De entrada, los afectados tiran su basura en cualquier rincón. No faltan los políticos que, por hacerse de votos o de simpatías, acuden con camiones que rentan y con una buena dotación de escobas, palas y demás “chunches”, todos salen a recoger (sin albur) las porquerías regadas que, entre otras cosas, contienen la propaganda del partido político al que pertenece el vivillo aspirante a representante popular. Pero no es la solución total, sólo es parcial.

En Mérida, la recolecta de basura siempre ha sido una de las problemáticas que, al parecer, nunca tiene o tendrá fin. Los ayuntamientos que en el transcurso de los años han gobernado la capital de Yucatán, siempre se topan con pared, además de los chantajes y extorsiones que permiten las autoridades emanadas de equis partido político de parte de las empresas recolectoras de las cochinadas que se arrojan desde todo tipo de inmueble.
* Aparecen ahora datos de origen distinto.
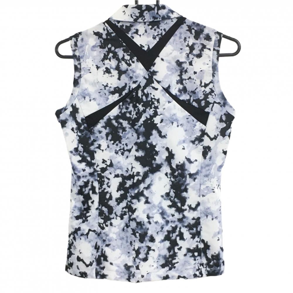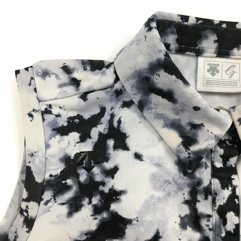 デサントゴルフ ノースリーブポロシャツ グレー系×黒系 総柄 韓国モデル スナップボタン 中田英寿 レディース M ゴルフウェア DESCENTE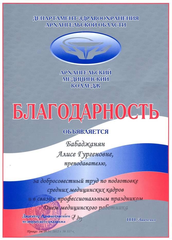 - 2012 г. благодарность ГОУ СПО АО АМК За добросовестный труд и в связи с праздником Днем мед.работника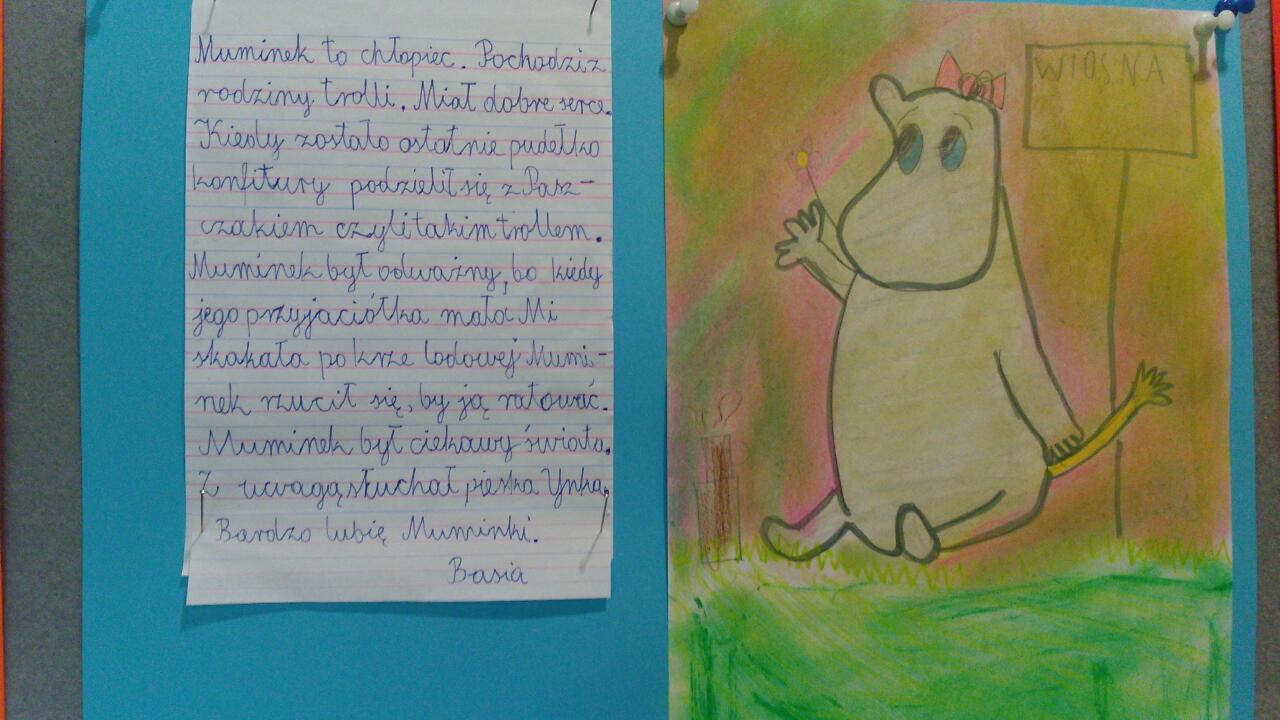 Podczas zimy dzieci z klasy 2a czytały książki o Muminkach. Zima się skończyła, a miłość do Muminków nie gaśnie. Dzieci polubiły wszystkie postacie, ale szczególnie wczuły się w los Buki, która nie mogąc przezwyciężyć własnej natury była bardzo samotna. Dzieci pożegnały zimę z Muminkami i z nimi przywitały wiosnę. Wykonały wiele prac plastycznych, aby uzewnętrznić swoje przywiązanie i muminkową przyjaźń. Ostatnio mogły również przytulać Muminki dzięki pluszakom, które pojawiły się w klasie.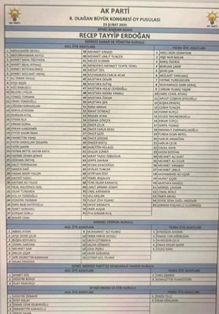 AK Parti'nin 8. Olağan Büyük Kongresi'nde oluşturulan yeni listeye göre asil üyeler şu isimlerden oluştu: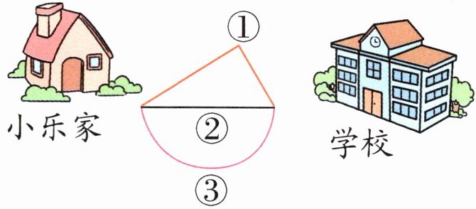 )厘米。(2)画一条线段,与路线②的长度相同。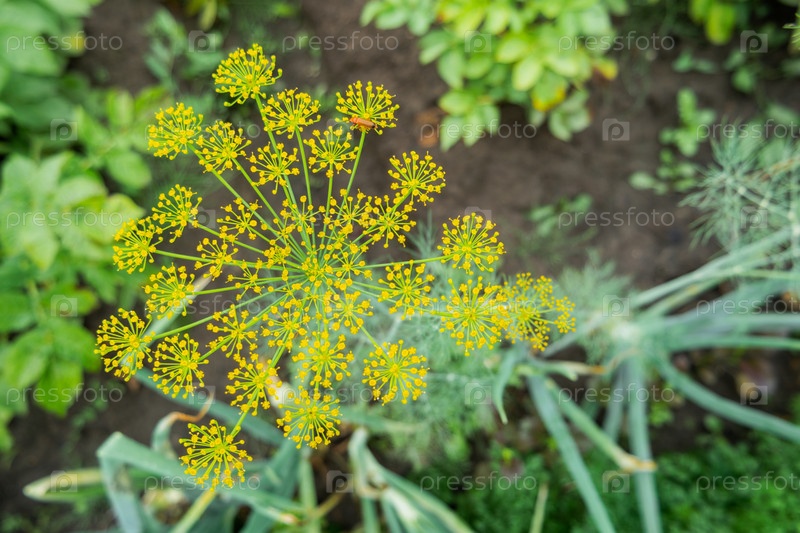 Желтые цветы укропа или Anethumgraveolens. Садоводство под открытым небом. Сельское хозяйство на приусадебном участке. Выращивание органических овощей и трав в теплицах и на свежем воздухе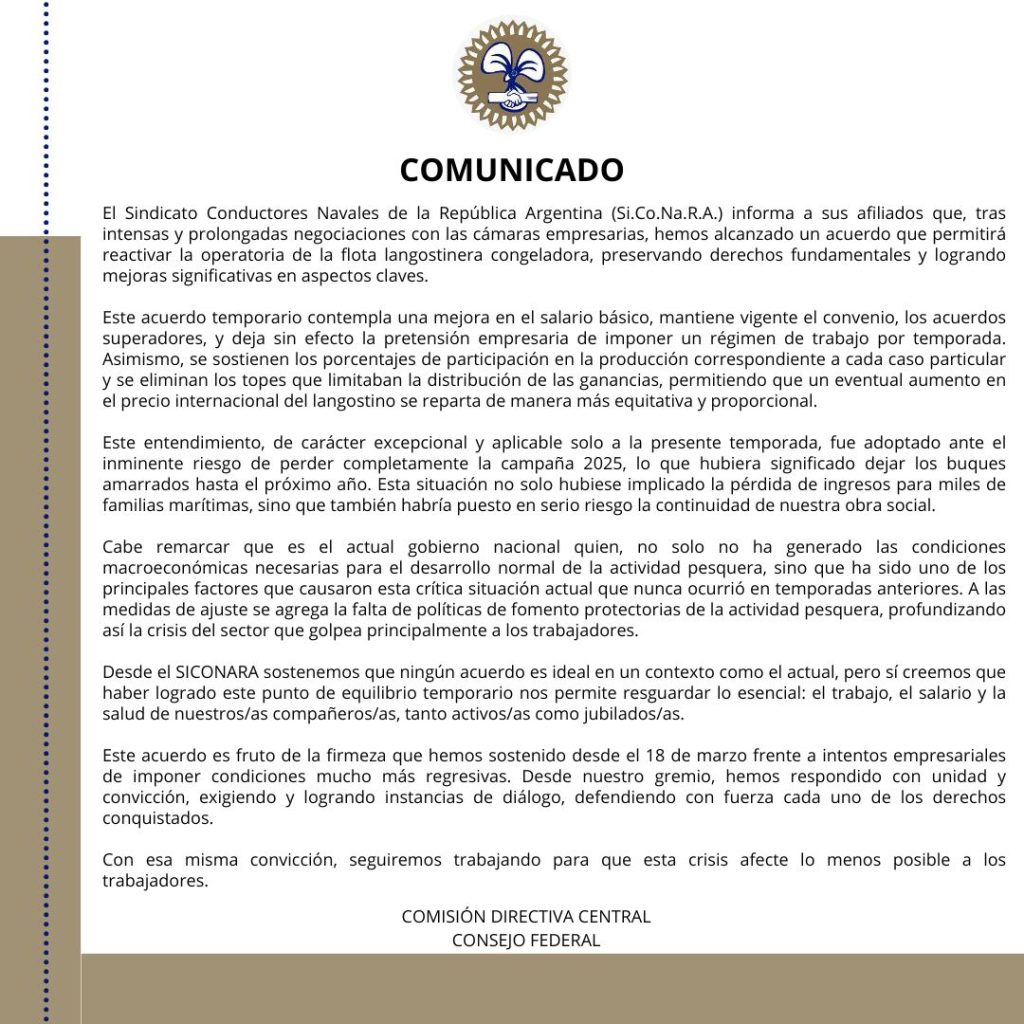 Tras más de tres meses de conflicto y prolongadas negociaciones, el Sindicato de Conductores Navales de la República Argentina (SICONARA) anunció la firma de un acuerdo con las cámaras empresarias, que permitirá reanudar —por su parte— la operatoria de la flota tangonera congeladora en el marco de la temporada de pesca de langostino 2025 en aguas nacionales.

Pero también nunca faltan los funcionarios voraces e insensibles que, con tal de ganarse tajadotas de billetes, otorgan los subsidios a diversas compañías que -ellos mismos saben- no podrán cumplir con su labor de limpiar de desperdicios los miles de sitios encomendados. Así sucedió, ahora, con la empresa Pamplona.

Con la entrada del nuevo ayuntamiento, presidido por el panista Mauricio Vila Dosal, Pamplona se quiso pasar de viva y hasta retó al nuevo alcalde meridano. Claro, era de esperarse esa actitud de los socios de dicha empresa porque así lo habían hecho por años. Sólo mencionemos las dos últimas administraciones de Mérida: de la priista Angélica Araujo y del panucho Renán Barrera. Pamplona se pasó por el “arco del triunfo” las quejas y, por si fuera poco, recibió toda su lana del subsidio que suelta la administración municipal.

PRIMERA CAIDA.- Pocos no sabrán que Mauricio Vila y sus colaboradores le pusieron un ultimátum a los “pamplones” y de los 68 mil y pico de predios que estos amos de la “inbasura” laboraban, pues tuvieron que desprenderse de 29 mil. O sea, menos ganancia, aunque el mal servicio continuará. Eso pueden apostarlo, estimados lectores(as).

SEGUNDA CAIDA.- Sin embargo, lo interesante es que por primera ocasión que se recuerde, en varios años, una gestión municipal le pone el cascabel a la basura de servicio que es Pamplona.

TERCERA CAIDA.- Pamplona con toda su corrupción y mal servicio quedará fuera de la jugada. Es cuestión de tiempo.